Magic circle firms among line-up advising on accountancy competition probe
Linklaters, Clifford Chance and Freshfields Bruckhaus Deringer are among a host of firms acting for accountancy giants embroiled in an ongoing Competition Commission investigation.
March 15, 2012 at 07:21 AM
2 minute read
Linklaters, Clifford Chance and Freshfields Bruckhaus Deringer are among a host of firms acting for accountancy giants embroiled in an ongoing Competition Commission investigation.
Ashurst, Norton Rose, Berwin Leighton Paisner and Hogan Lovells are all also advising various UK accountancy firms, which have come under recent scrutiny due to the overwhelming dominance of the so-called 'Big Four' accountants at the top of the market.
Ninety-nine of the FTSE 100 are audited by the 'Big Four' – PricewaterhouseCoopers, Deloitte, KPMG and Ernst & Young – with major companies only changing auditor once every 48 years on average.
PwC, the UK's largest accountancy firm by revenue, has instructed Norton Rose, with a team led by global antitrust, competition and regulatory head Martin Coleman and contentious competition partner Peter Scott.
Linklaters competition partner Michael Cutting is acting for KPMG, while Freshfields is advising Deloitte, fielding a team headed up by competition partner Deirdre Trapp.
The smallest of the Big Four, E&Y, has instructed Hogan Lovells partners Lesley Ainsworth and of counsel Chris Hutton. Mid-tier firm Grant Thornton is being advised by Duncan Liddell of Ashurst, while BLP partner Adrian Magnus is acting for BDO and Clifford Chance is working with Mazars.
The Competition Commission investigation into the Big Four's dominance was launched last year, following a preliminary inquiry by the Office of Fair Trading which concluded: "The market for large company audits lacks sufficient competition and does not work well for customers. It is highly concentrated, largely supplied by four big firms, with clients rarely switching between auditors.
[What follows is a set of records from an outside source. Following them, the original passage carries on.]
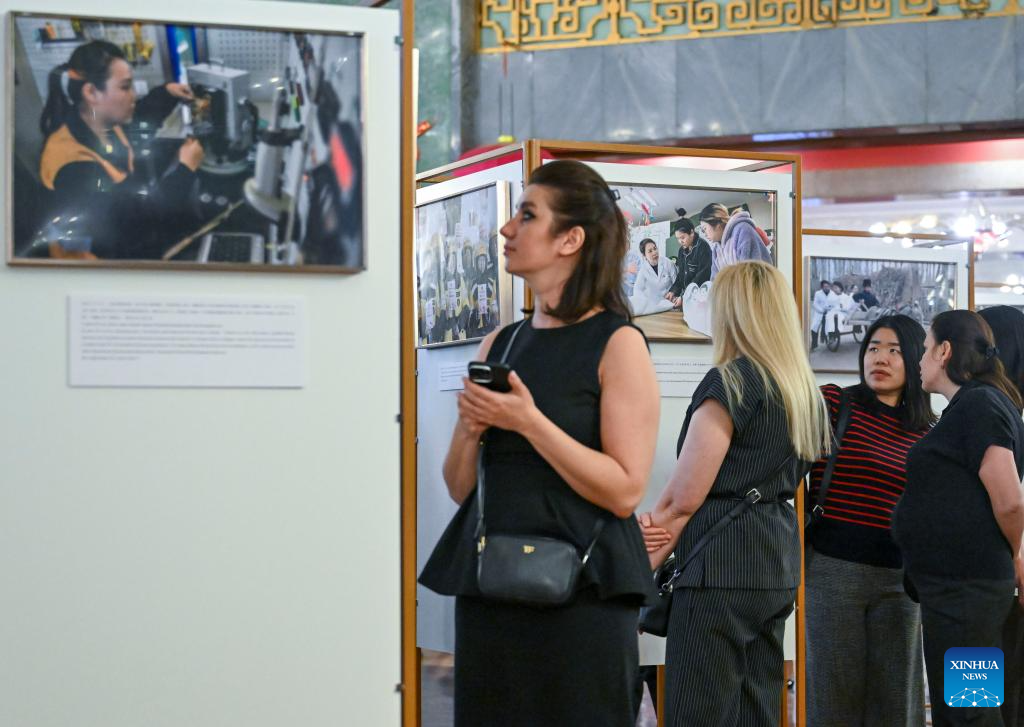 A exposição apresenta cerca de 40 fotografias selecionadas que mostram o progresso da causa das mulheres chinesas e os resultados das trocas e da cooperação entre a China e a Rússia nessa área. (Xinhua/Hao Jianwei)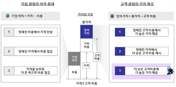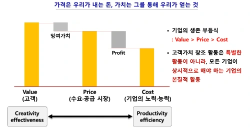 즉 고객에게는 ‘잉여’가 있어야 하겠고, 기업에게는 ‘이익(profit)’이 가치가 될 것입니다. 이러한 것을 만들어가는. 과정을 경영 활동이라고 할 수 있겠습니다.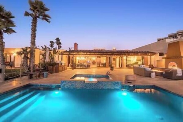 Entire private residence estate, located in exclusive community. Residence includes private garden courtyard with lawn, large ocean-front travertine patio with pool/spa/BBQ/Fireplace, 2 lower patios with large table and palapa umbrella, lower level has workout equipment under the stairs. Watch dolphins and migrating whales from the master bedroom, living room and patio or enjoy morning coffee in the courtyard with tropical landscape. Take a stroll down the beach during low-tide from your own private stairs to the beach. This is a luxurious and private resort-like home.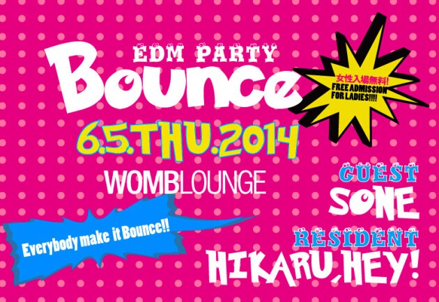 WOMB LOUNGE のニューパーティー「Bounce」!!! 跳ねるという意味を持つ Bounce は今や EDM の定番用語です。Hardwell、Alesso、Avicii、Afrojack、TJR 等が世界的に大旋風を巻き起こしている「EDM」にスポットをあてた激モリパーティー! 今最も勢いのある音楽とおいしいお酒で平日の夜からみんなで一緒に盛り上がろう!!! 女性の方はエントランスフリー!!! 入場無料です!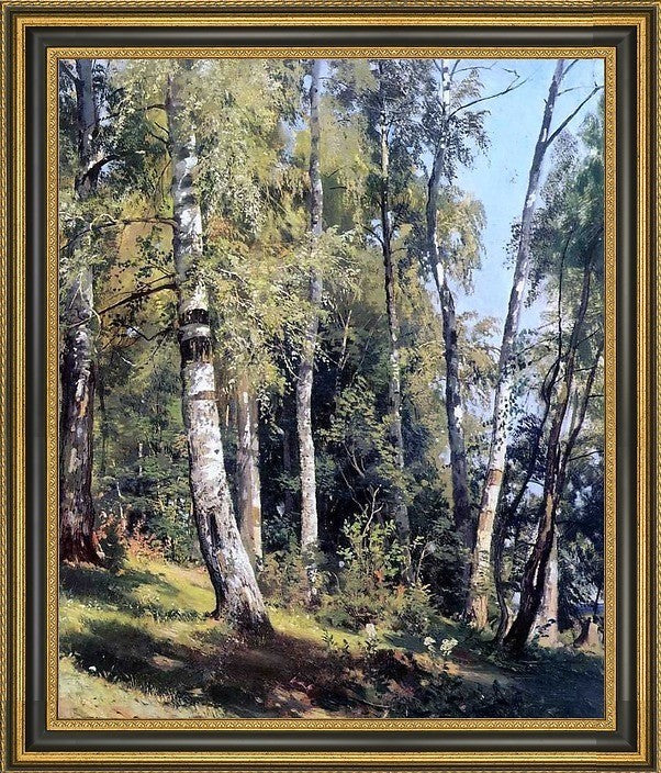 16" x 20" Ivan Ivanovich Shishkin Birch Grove framed premium canvas print reproduced to meet museum quality standards. Our Museum quality canvas prints are produced using high-precision print technology for a more accurate reproduction printed on high quality canvas with fade-resistant, archival inks. Our progressive business model allows us to offer works of art to you at the best wholesale pricing, significantly less than art gallery prices, affordable to all. This artwork is hand stretched onto wooden stretcher bars, then mounted into our 3 3/4" wide gold finish frame with black panel by one of our expert framers. Our framed canvas print comes with hardware, ready to hang on your wall. We present a comprehensive collection of exceptional canvas art reproductions by Ivan Ivanovich Shishkin.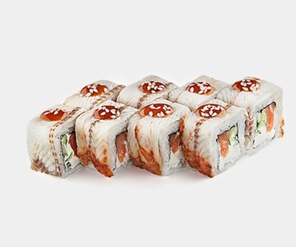 Сливочный сыр, лосось, огурец, угорь, унаги соус, кунжут.

"There are also high barriers to entry for new and smaller competitors. These are not the indicators of a competitive market," it stated.
Mid-market players argue barriers to entry – such as bank covenants forcing companies to hire a Big Four firm – create an unfair playing field, but the Big Four claim competition is fierce and risk-averse clients choose them for peace of mind.